--- COLLECTED MATERIAL ---

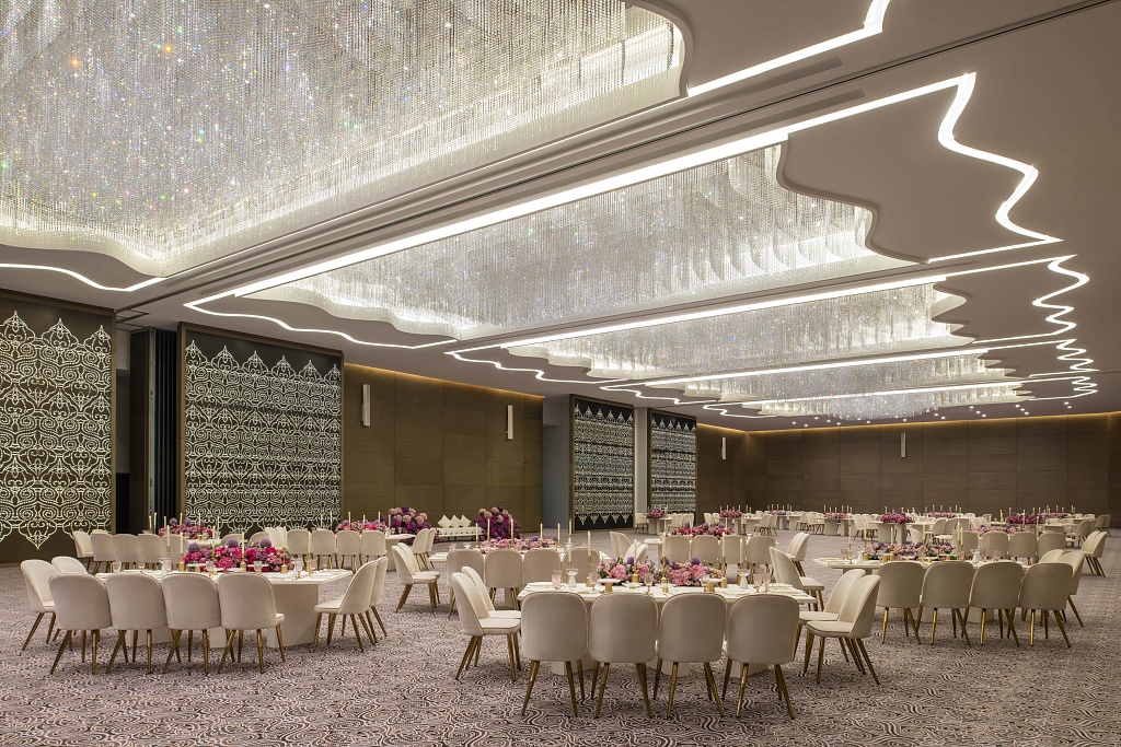 Общее пространство для мероприятий - 2 146 кв. метров. Два ballroom, каждый из которых можно разделить на 3 части, и 6 конференц-залов. Бальный зал Al Mirqab на уровне лобби это пространство для проведения крупномасштабных мероприятий, которые заслуживают исключительной обстановки: с выходом на террасу и собственным VIP-входом, он идеально подходит для незабываемых конференций или гала-концертов.
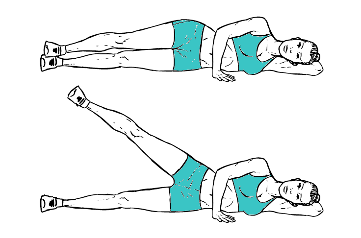 - Now raise your leg above to about 4 inches from the ground. Your abs should be tight.
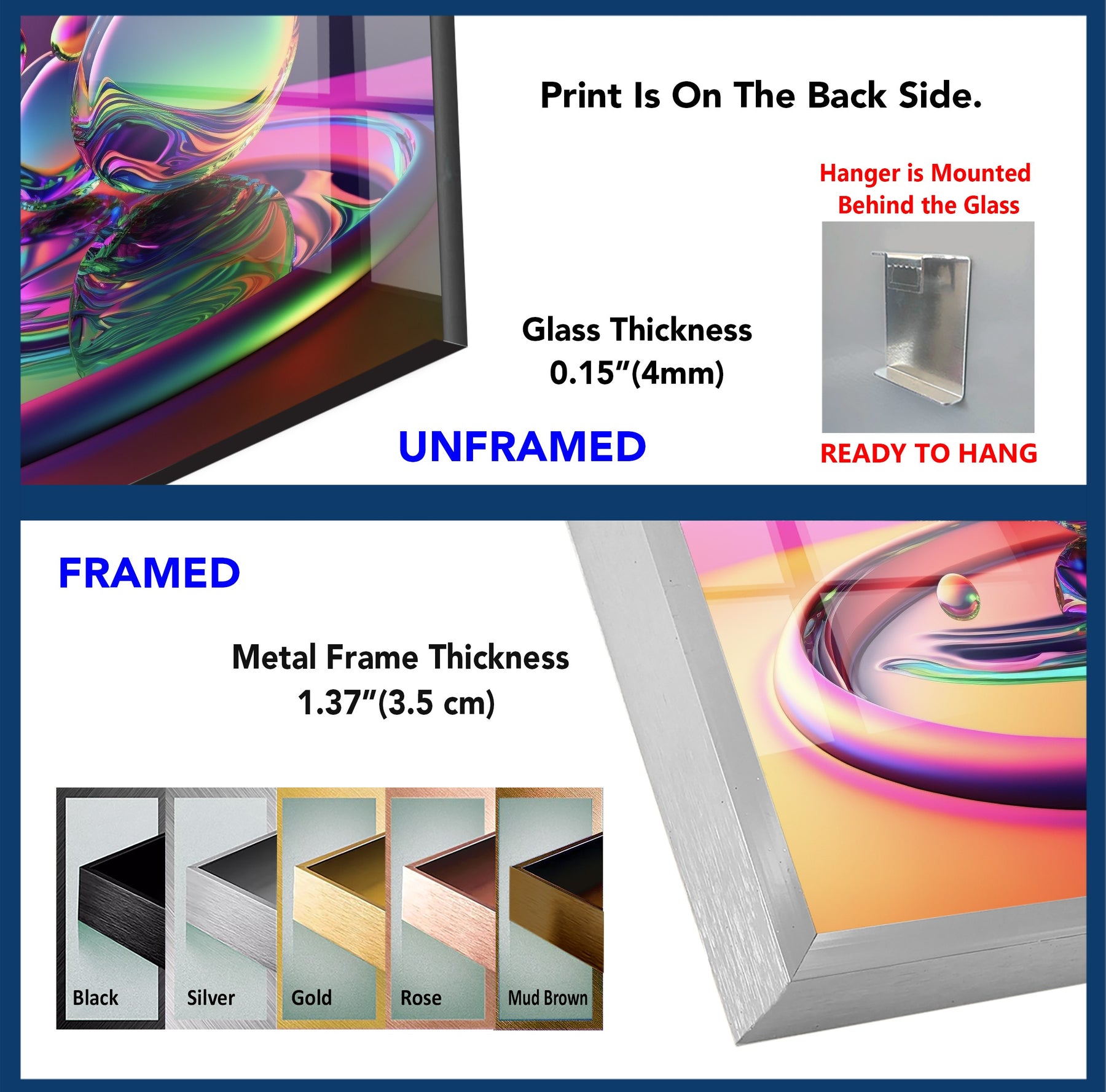 Printed on ultra-gloss premium tempered glass, every neon reflection, smooth curvature, and liquid ripple is captured with depth and precision. Ideal for living rooms, gaming setups, content creator studios, luxury offices, lounges, and upscale commercial interiors, this artwork injects vibrant futuristic energy and high-end aesthetic impact.
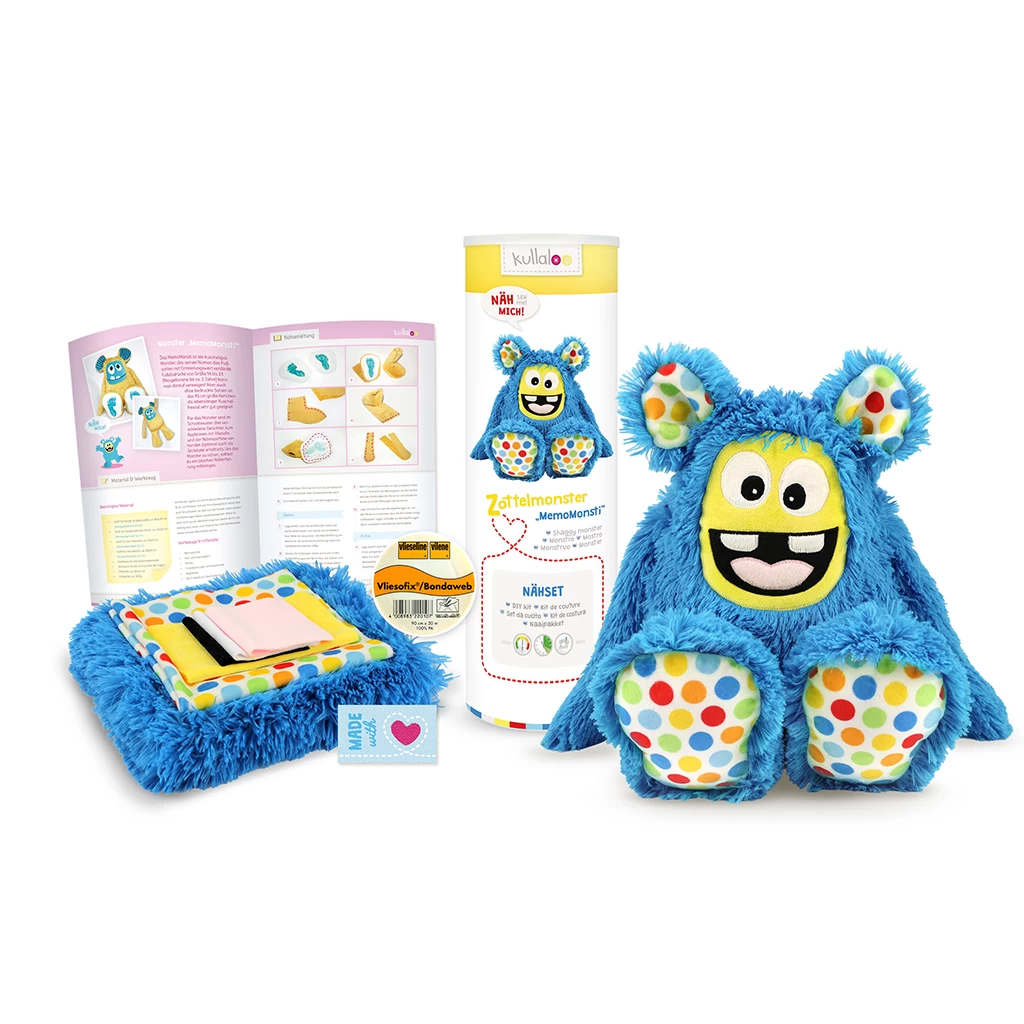 Das Materialset / Nähset Zottelmonster in blau enthält kuschelweiche Microfaser Plüsch Stoffe zum selber nähen unseres Kuschelmonsters „MemoMonsti“ mit der Nähmaschine, verpackt in einer stylischen Dose. Im Set enthalten ist außerdem 1 Textil-Label zum Einnähen mit dem Schriftzug „Made with Love“.

--- WORK INSTRUCTIONS ---
Word for word, restate the lines from the first line of the material through the line containing "- Now raise", with the pictures left out.

--- TASK OUTPUT ---
 Общее пространство для мероприятий - 2 146 кв. метров. Два ballroom, каждый из которых можно разделить на 3 части, и 6 конференц-залов. Бальный зал Al Mirqab на уровне лобби это пространство для проведения крупномасштабных мероприятий, которые заслуживают исключительной обстановки: с выходом на террасу и собственным VIP-входом, он идеально подходит для незабываемых конференций или гала-концертов.
 - Now raise your leg above to about 4 inches from the ground. Your abs should be tight.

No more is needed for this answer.